UNITED STATES

SECURITIES AND EXCHANGE COMMISSION

WASHINGTON, D.C. 20549

 

 

FORM 8-K

 

 

CURRENT REPORT

PURSUANT TO SECTION 13 OR 15(D)

OF THE SECURITIES EXCHANGE ACT OF 1934

May 21, 2014

Date of report (Date of earliest event reported)

 

 

IMAX Corporation

(Exact Name of Registrant as Specified in Its Charter)

 

 

 

Canada   1-35066   98-0140269

(State or Other Jurisdiction

of Incorporation)

 

(Commission

File Number)

 

(I.R.S. Employer

Identification Number)

 

2525 Speakman Drive

Mississauga, Ontario, Canada L5K 1B1

(905) 403-6500

 

110 E. 59th Street, Suite 2100

New York, New York, USA 10022

(212) 821-0100

(905) 403-6500

(Registrant’s Telephone Number, Including Area Code)

N/A

(Former Name or Former Address, if Changed Since Last Report)

 

 

Check the appropriate box below if the Form 8-K filing is intended to simultaneously satisfy the filing obligation of the registrant under any of the following provisions (see General Instruction A.2. below):

 

¨ Written communication pursuant to Rule 425 under the Securities Act (17 CFR 230.425)

 

¨ Soliciting material pursuant to Rule 14a-12 under the Exchange Act (17 CFR 240.14a-12)

 

¨ Pre-commencement communication pursuant to Rule 14d-2(b) under the Exchange Act (17 CFR 240.14d-2(b))

 

¨ Pre-commencement communication pursuant to Rule 13e-4(c) under the Exchange Act (17 CFR 240.13e-4(c))

 

 

 


Item 5.02 Departure of Directors or Certain Officers; Election of Directors; Appointment of Certain Officers; Compensatory Arrangements of Certain Officers.

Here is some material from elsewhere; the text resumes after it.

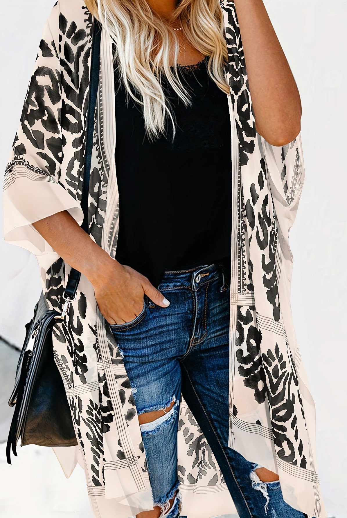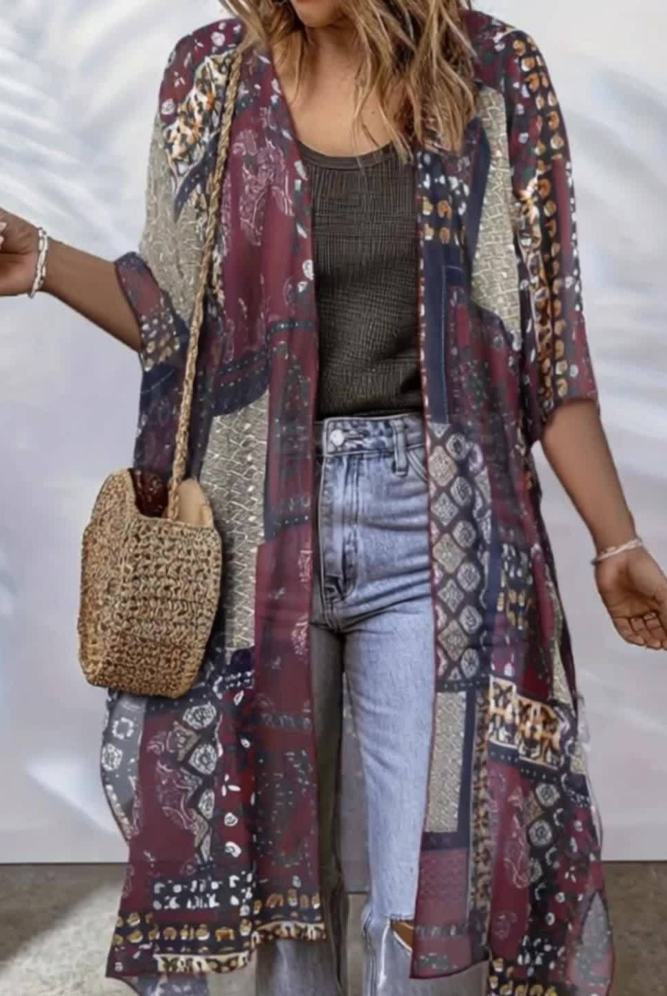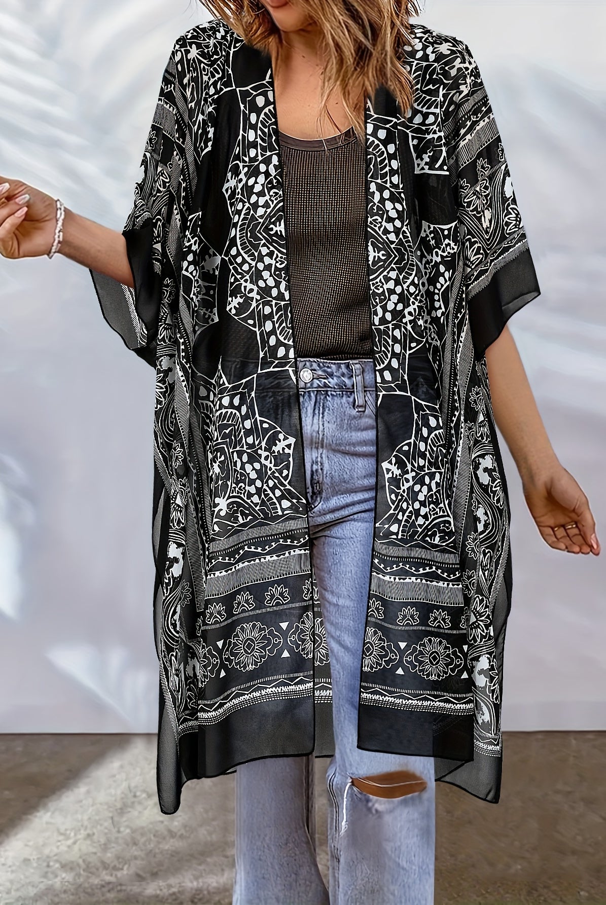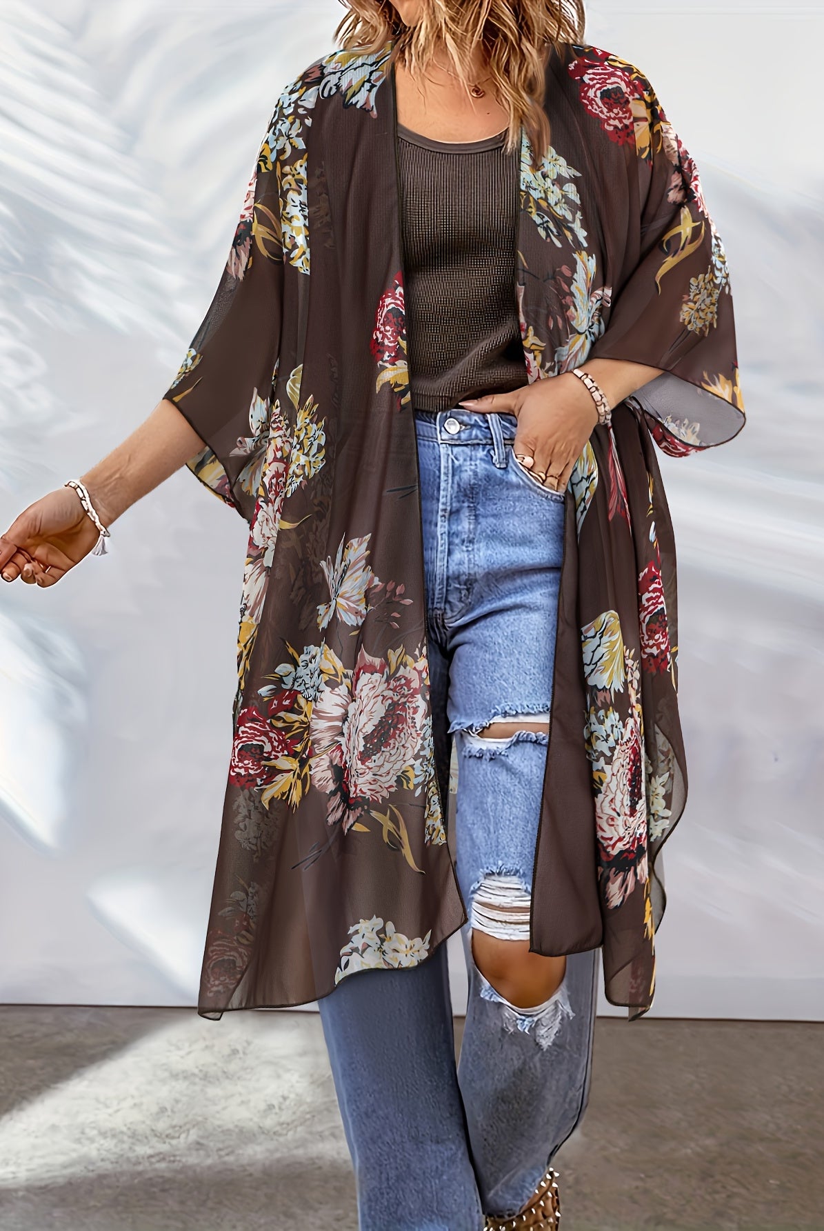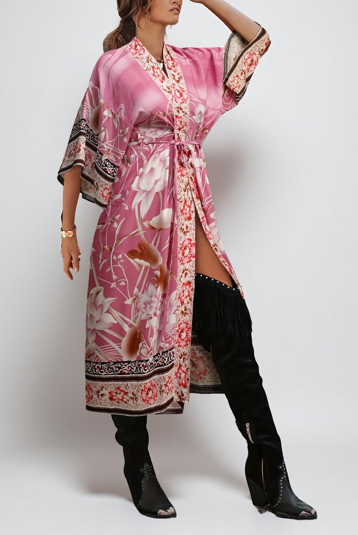 Si vous aimez les kimonos à motifs — floraux, ethniques ou tropicaux — l’idéal est de les porter avec un maillot de bain uni pour éviter l’effet surcharge. Les tons sobres comme le noir, le kaki ou le beige forment une belle base neutre et mettent en avant les couleurs du kimono.
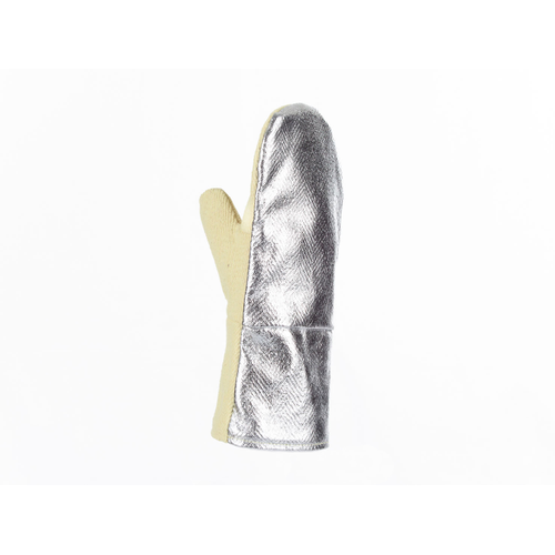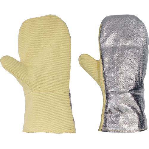 jednopalcowe, dwuwarstwowe rękawice ochronne wykonane z aramidu, aluminizowane od zewnętrznej strony dłoni

On May 21, 2014, IMAX Corporation (the “Company”) came to an agreement (the “Agreement”) with Joseph Sparacio the Company’s Chief Financial Officer, with respect to the key terms of his continued employment with the Company effective May 15, 2014. Mr. Sparacio’s prior employment arrangement was to terminate on May 14, 2014. Under the terms of his new arrangement, Mr. Sparacio’s employment has been extended for two years through May 13, 2016. Pursuant to the new arrangement, Mr. Sparacio’s annual salary will be increased as follows: (i) $475,000 effective May 15, 2014; and (ii) $500,000 effective May 15, 2015. Mr. Sparacio’s target bonus remains 35% of his annual base salary.

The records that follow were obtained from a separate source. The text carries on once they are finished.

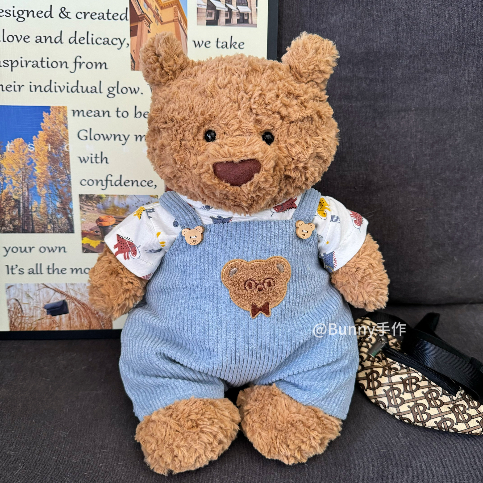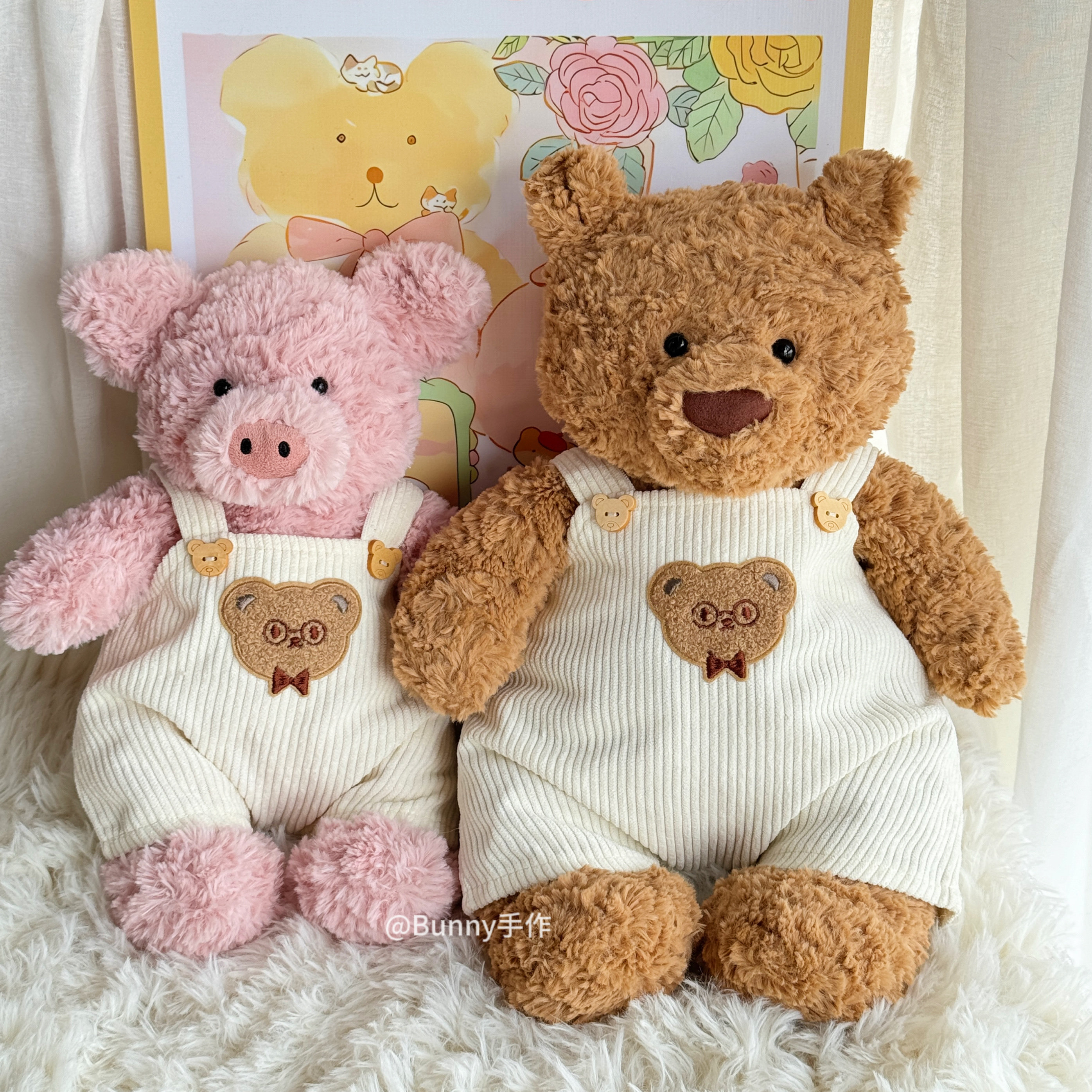 巴塞罗熊衣服背带裤灯芯绒连体裤可爱小熊搭配打底T恤
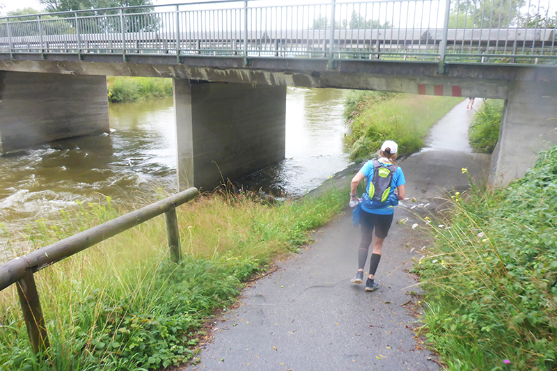 Der Pfad ist nur sehr schmal und somit für Radler nicht geeignet. Was uns natürlich sehr entgegen kommt, darüber hinaus ist das Fahrradfahren hier auch gar nicht erlaubt und bei dem heutigen Wetter sind außer ein paar Hundegängern eh nur wenige unterwegs. Oft geht es jetzt direkt an der Wasserkante entlang, was zur Folge hat, dass wir uns immer mal ganz nah ans Ufergestrüpp drücken müssen, um nicht mit den Schuhen ins Wasser einzutauchen, was nicht immer gelingt. Aber man versucht es halt, solange es geht.
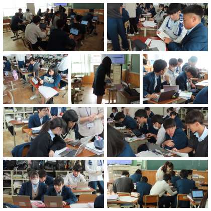 授業中は、1人で黙々と学習する人やペア、グループで学習する人など、さまざまな形で取り組んでいました。
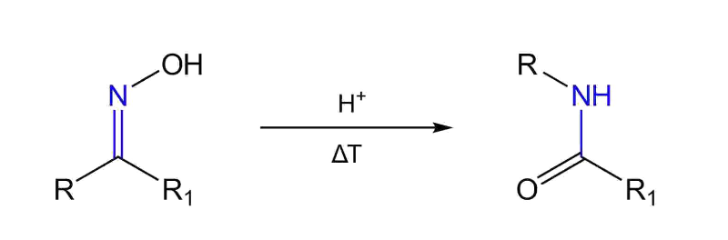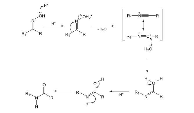 在酸作用下,肟首先发生质子化,然后脱去一分子水,同时与羟基处于反位的基团迁移到缺电子的氮原子上,烷基的迁移并推走羟基形成氰基,然后该中间体被水解得到酰胺。在酮肟分子中发生迁移的烃基与离去基团(羟基)互为反位。在迁移过程中迁移碳原子的构型保持不变。
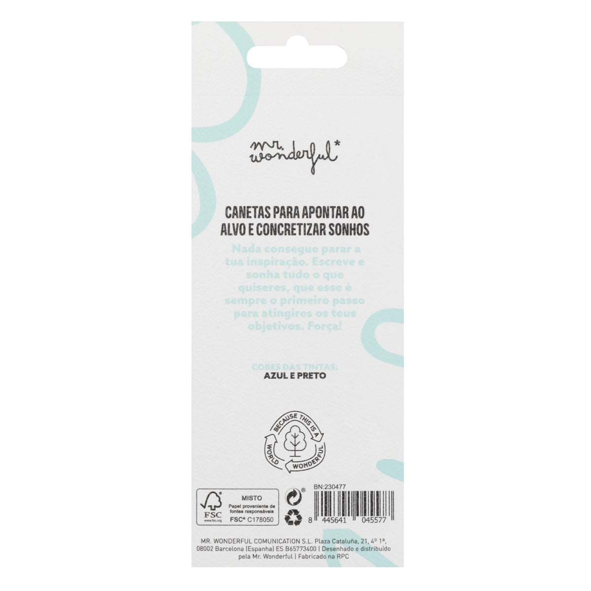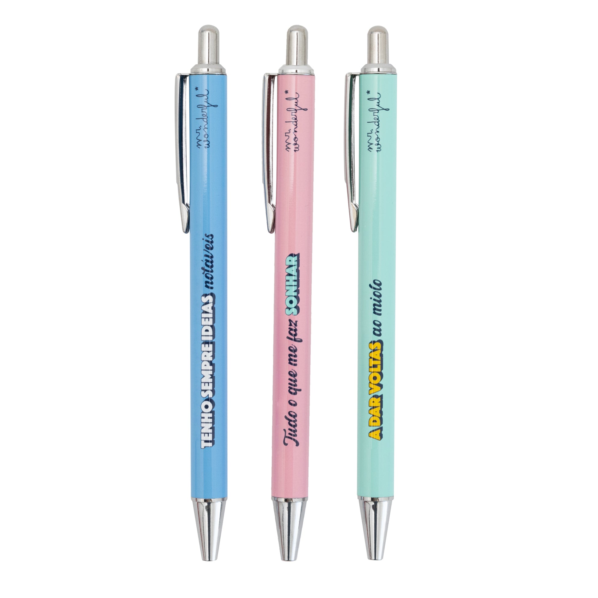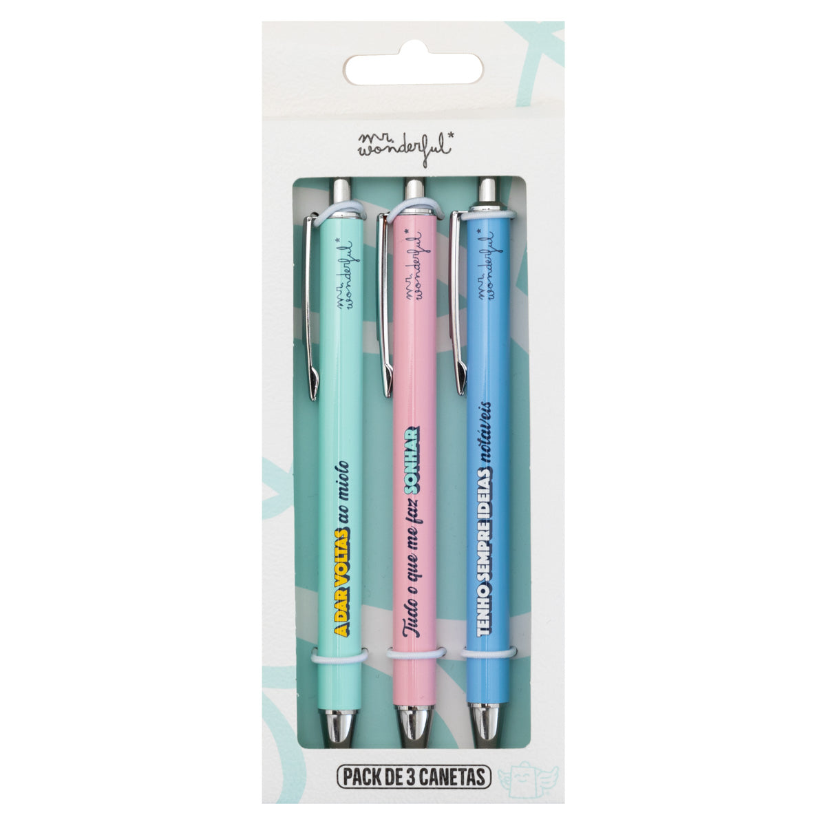 Conjunto de 3 canetas Mr. Wonderful com as mensagens: "A dar voltas ao miolo", "Tudo o que me faz sonhar" e "Sempre tenho ideias que você percebe". Uma combinação perfeita de tintas roxa e azul.

In addition, in connection with annual equity grants to employees in the first quarter of 2015, Mr. Sparacio will receive an equity grant valued at $650,000. The 2015 equity grant will be comprised of 25% stock options and 75% restricted share units (“RSUs”). All stock options and RSUs granted pursuant to the Amendment will vest over four years, with 20% vesting the first year, 25% vesting the second year, 25% vesting the third year and 30% vesting in the fourth year. In the event that the Company elects not to renew Mr. Sparacio’s employment agreement at the end of its term, the vesting of the stock options and RSUs granted pursuant to the Amendment will accelerate just prior to May 13, 2016. In addition, any historical equity grants with tranches vesting between May 13, 2016 and March 31, 2017 will also be accelerated on or just prior to May 13, 2016.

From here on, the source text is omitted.